Authored by prathamesh on Sep 9 2020, 8:54 PM.

Download Raw Diff

Details

Reviewers

dmgreen
efriedma

Summary

Hi,
This is a follow-up on https://reviews.llvm.org/D79785.
This patch implements a heuristic to avoid lowering calls to blx if MF.getFunction().arg_size() + Outs.size() < (number of registers) - 1, since we need at least one register for holding function's address. It converts all calls to bl for the attached test-case. However it might not be able to detect cases when we need more than one register to compute arguments. For that, the approach in D79785, can catch some of these, by folding tLDRpci, tBLXr -> tBL.
Does this patch look reasonable ?
Testing with make check-llvm with -DLLVM_ENABLE_EXPENSIVE_CHECKS=ON shows no unexpected failures.

I have a couple of questions:
(a) How do we get number of available registers for subtarget in LowerCall ?
(b) I assume Outs.size() will correspond to number of arguments passed to the function ?
TargetLowering.h has following comment above LowerCall():

/// The outgoing arguments to the call are described by the Outs array,
/// and the values to be returned by the call are described by the Ins

/// array.

Thanks!

Diff Detail

Repository: rG LLVM Github Monorepo

Event Timeline

prathamesh created this revision.Sep 9 2020, 8:54 PM

Herald added a project: Restricted Project. · View Herald TranscriptSep 9 2020, 8:54 PM

Herald added subscribers: llvm-commits, danielkiss, hiraditya, kristof.beyls. · View Herald Transcript

prathamesh requested review of this revision.Sep 9 2020, 8:54 PM

Harbormaster completed remote builds in B71178: Diff 290866.Sep 9 2020, 9:28 PM

dmgreen added inline comments.Sep 10 2020, 12:20 PM

llvm/lib/Target/ARM/ARMISelLowering.cpp
2261	Hmm. Not sure. Perhaps this can use something like getRegClassFor(MVT::i32)->getNumRegs()? It's still probably a very rough estimate of allocatable registers.
llvm/test/CodeGen/ARM/minsize-call-cse-2.ll
11	Can you add more tests of various sizes.
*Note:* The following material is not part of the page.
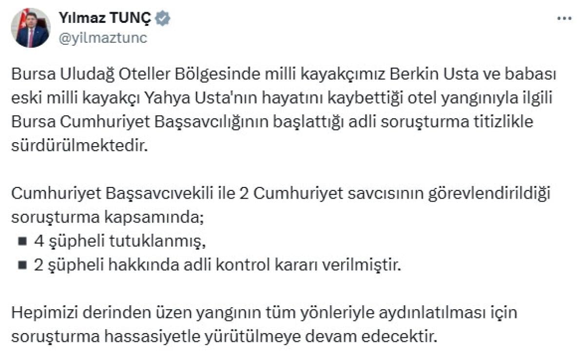 Bursa Uludağ Oteller Bölgesinde milli kayakçımız Berkin Usta ve babası eski milli kayakçı Yahya Usta'nın hayatını kaybettiği otel yangınıyla ilgili Bursa Cumhuriyet Başsavcılığının başlattığı adli soruşturma titizlikle sürdürülmektedir.
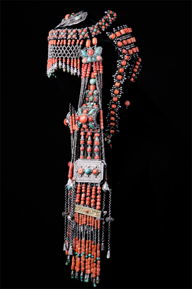 髻側(cè)流蘇飾:系于鬢角兩側(cè),其上部銀飾造型從整體上看似飛翔狀蝴蝶,鑲嵌精美紅珊瑚珠、綠松石,造型熱情似火。蝴蝶銀飾之下垂系五條流蘇, 由紅珊瑚珠、綠松石珠及銀珠串間隔穿成五段,下墜蝴蝶型銀飾帽, 內(nèi)銜桃形瑪瑙墜,流蘇在鬢角兩側(cè)隨頭的轉(zhuǎn)動而飄擺, 響聲清脆。

dmgreen added a reviewer: efriedma.Sep 10 2020, 12:20 PM

efriedma added inline comments.Sep 10 2020, 2:15 PM

llvm/lib/Target/ARM/ARMISelLowering.cpp
2261	I don't understand the intent here. In Thumb1 mode, there are four callee-save registers that are considered allocatable: r4-r7. We must use one of them to store the address of an indirect call. (We could potentially use high registers, but that isn't implemented.) None of them are ever used to pass arguments. Given that, why does the number of arguments to the function matter? Why does the number of caller-save registers matter?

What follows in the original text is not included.